- [What to work on] Copy nothing but the lines below running from the line containing "A través de" through the line containing "Made out of", both end lines included.

- [Source data]
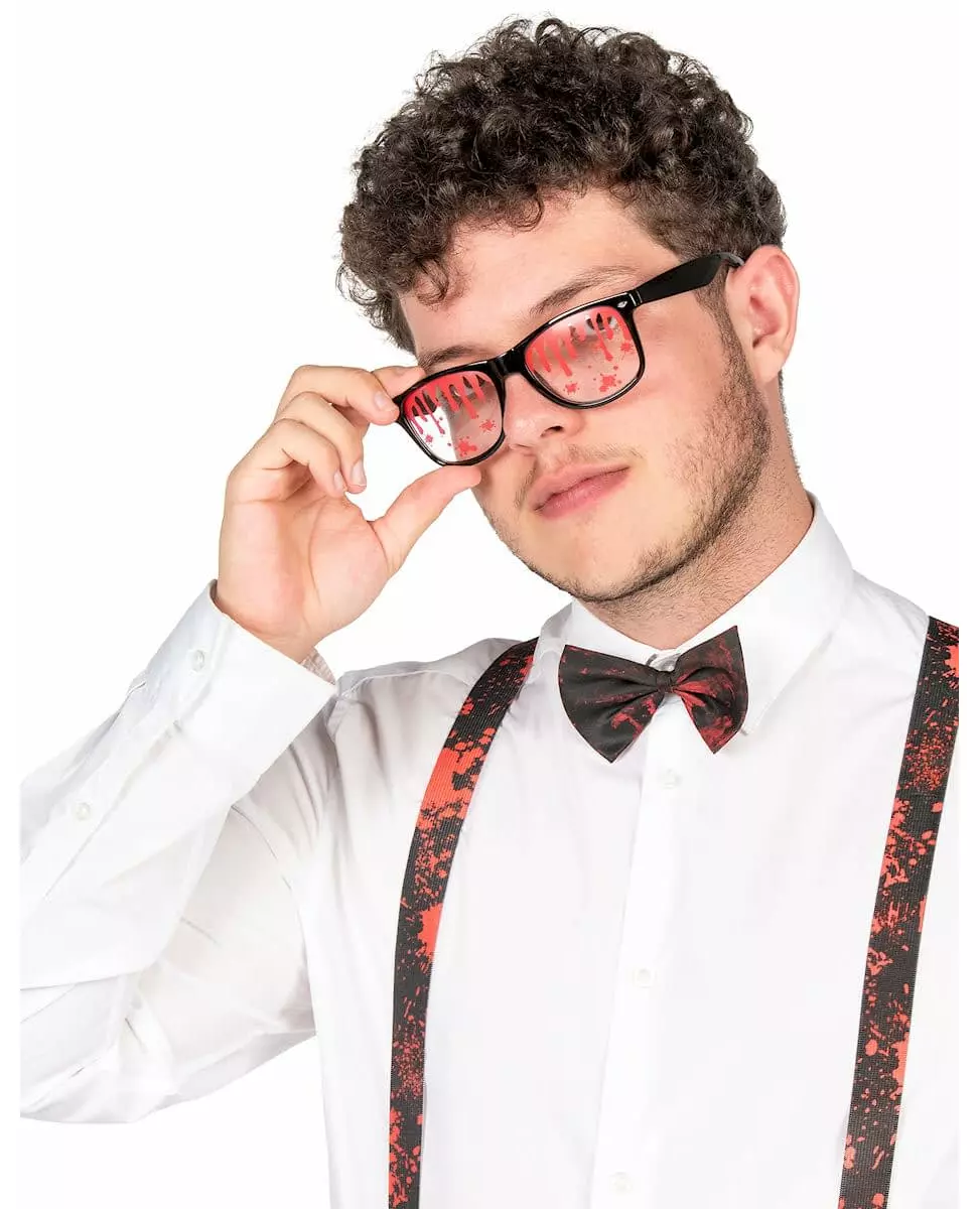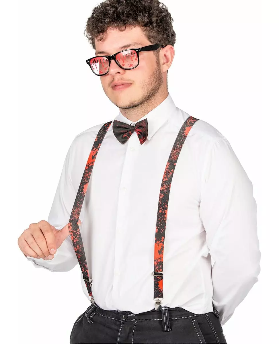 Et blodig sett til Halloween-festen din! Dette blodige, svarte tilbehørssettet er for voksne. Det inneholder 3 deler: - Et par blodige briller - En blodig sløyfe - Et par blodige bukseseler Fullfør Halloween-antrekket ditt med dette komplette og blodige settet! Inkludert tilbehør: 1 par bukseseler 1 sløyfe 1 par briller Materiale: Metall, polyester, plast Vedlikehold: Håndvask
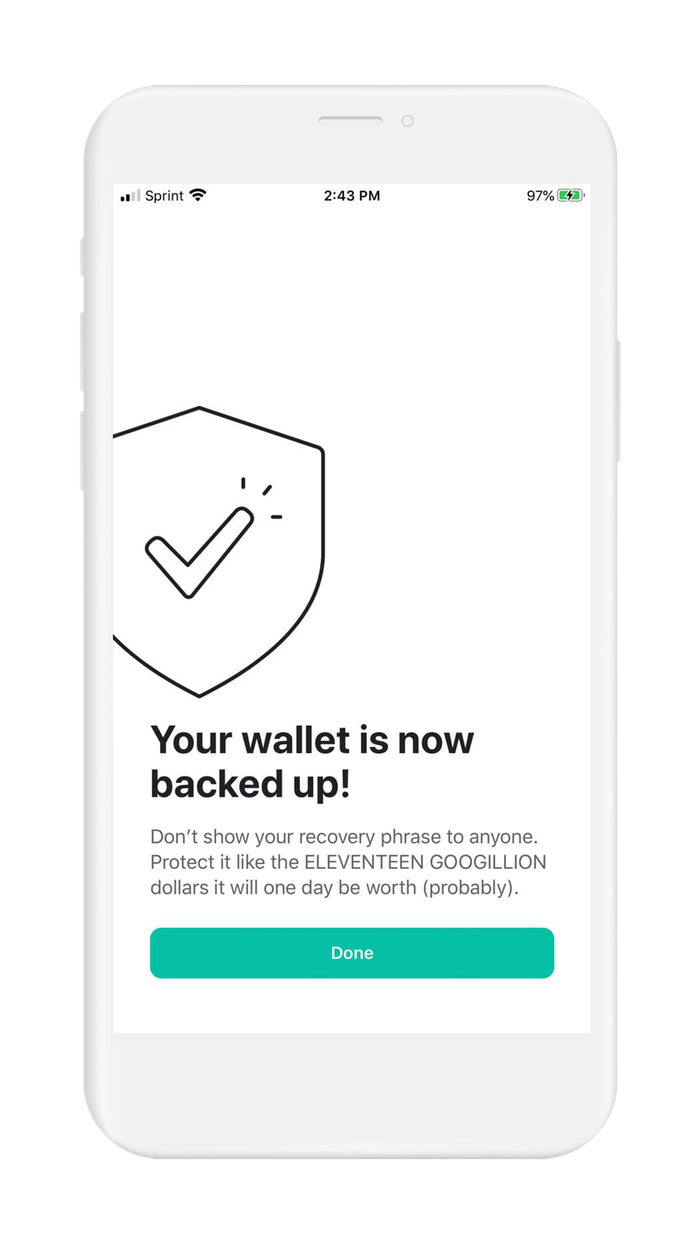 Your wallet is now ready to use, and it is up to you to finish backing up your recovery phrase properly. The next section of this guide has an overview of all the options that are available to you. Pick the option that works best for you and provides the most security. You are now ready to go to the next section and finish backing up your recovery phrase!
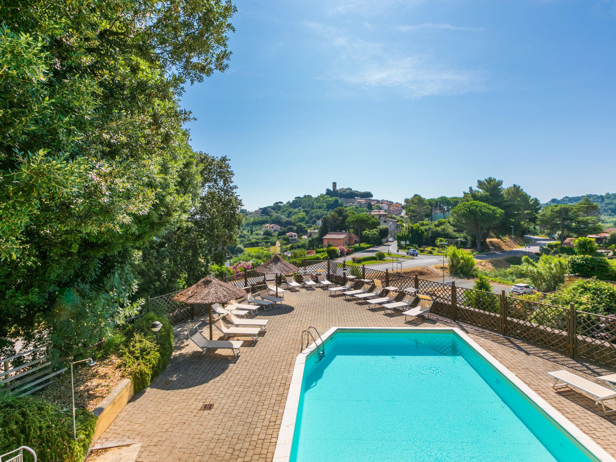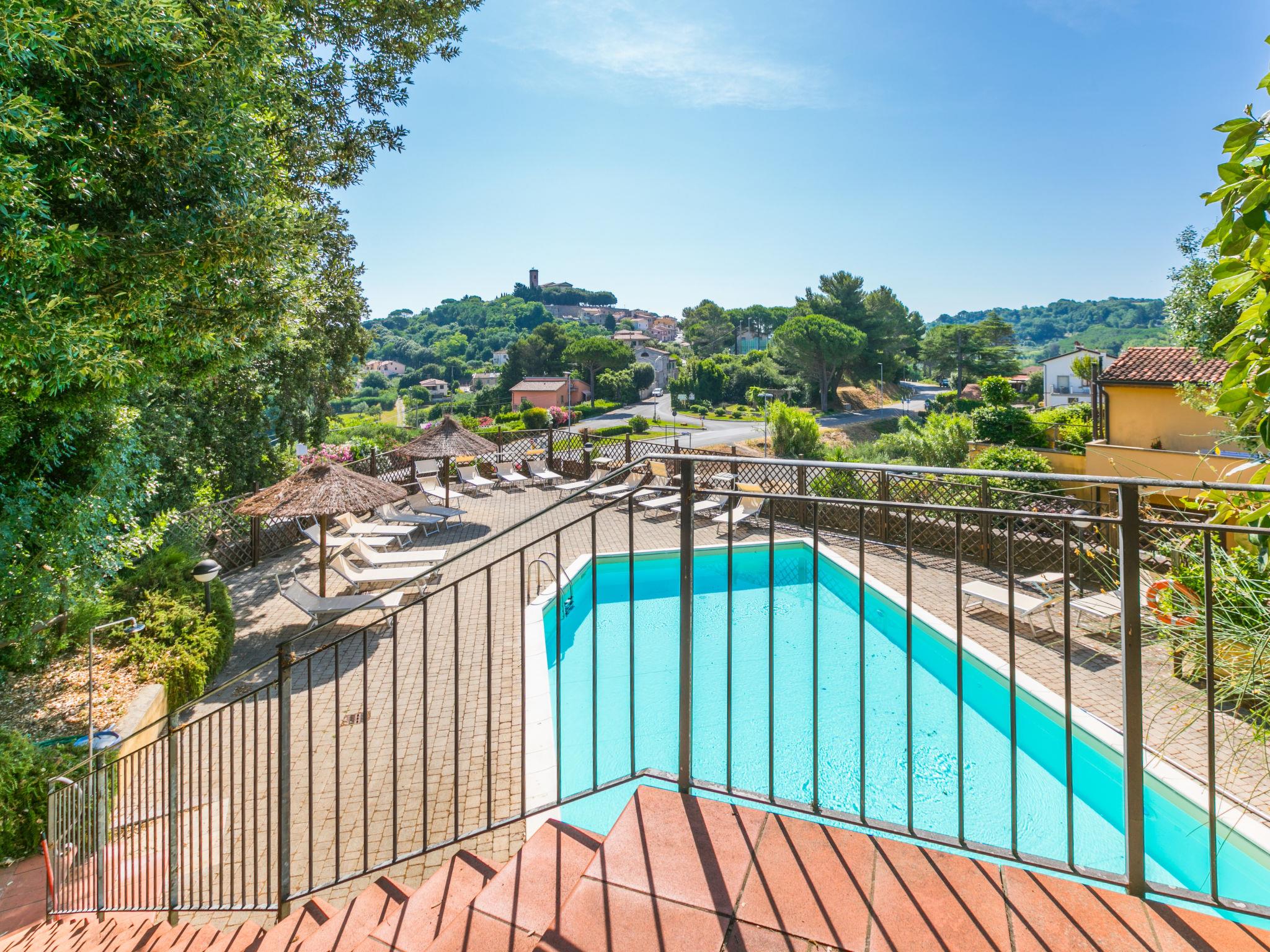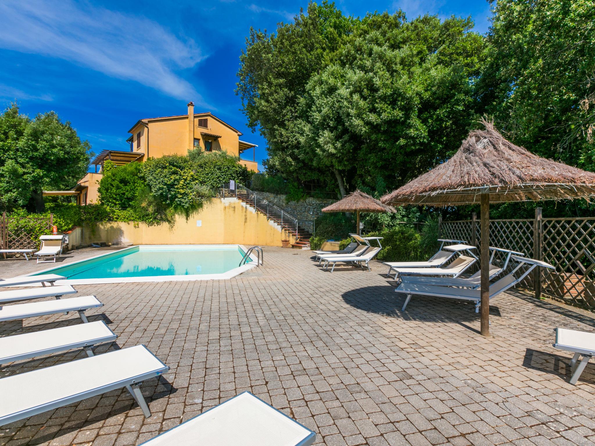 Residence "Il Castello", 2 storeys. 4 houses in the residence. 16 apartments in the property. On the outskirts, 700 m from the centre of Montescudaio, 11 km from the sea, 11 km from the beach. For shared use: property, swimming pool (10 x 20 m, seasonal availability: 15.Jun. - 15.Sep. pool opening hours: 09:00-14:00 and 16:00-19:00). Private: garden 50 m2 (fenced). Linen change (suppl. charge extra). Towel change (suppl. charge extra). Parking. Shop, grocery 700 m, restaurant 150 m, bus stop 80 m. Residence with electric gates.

* * *

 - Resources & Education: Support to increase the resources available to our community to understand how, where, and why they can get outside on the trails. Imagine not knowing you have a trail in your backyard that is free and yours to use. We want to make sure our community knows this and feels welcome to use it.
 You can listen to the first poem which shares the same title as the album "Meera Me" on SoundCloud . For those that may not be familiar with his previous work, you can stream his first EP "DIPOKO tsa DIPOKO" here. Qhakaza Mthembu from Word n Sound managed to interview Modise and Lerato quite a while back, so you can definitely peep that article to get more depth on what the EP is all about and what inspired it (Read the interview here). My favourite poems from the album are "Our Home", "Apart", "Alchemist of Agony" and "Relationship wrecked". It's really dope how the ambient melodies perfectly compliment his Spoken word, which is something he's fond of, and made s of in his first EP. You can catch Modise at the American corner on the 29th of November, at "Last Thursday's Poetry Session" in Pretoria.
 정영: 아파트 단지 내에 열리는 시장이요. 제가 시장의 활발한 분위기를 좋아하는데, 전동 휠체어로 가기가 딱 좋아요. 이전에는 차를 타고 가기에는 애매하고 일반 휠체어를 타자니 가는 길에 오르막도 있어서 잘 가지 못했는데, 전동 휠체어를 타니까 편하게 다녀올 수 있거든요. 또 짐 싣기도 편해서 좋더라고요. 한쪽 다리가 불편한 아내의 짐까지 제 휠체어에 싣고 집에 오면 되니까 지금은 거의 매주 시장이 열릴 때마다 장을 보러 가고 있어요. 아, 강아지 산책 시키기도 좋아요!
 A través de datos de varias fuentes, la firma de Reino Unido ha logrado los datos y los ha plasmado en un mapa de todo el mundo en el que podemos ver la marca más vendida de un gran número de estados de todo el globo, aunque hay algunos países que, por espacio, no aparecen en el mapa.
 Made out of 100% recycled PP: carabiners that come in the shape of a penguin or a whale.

- [Output for this task]
 A través de datos de varias fuentes, la firma de Reino Unido ha logrado los datos y los ha plasmado en un mapa de todo el mundo en el que podemos ver la marca más vendida de un gran número de estados de todo el globo, aunque hay algunos países que, por espacio, no aparecen en el mapa.
 Made out of 100% recycled PP: carabiners that come in the shape of a penguin or a whale.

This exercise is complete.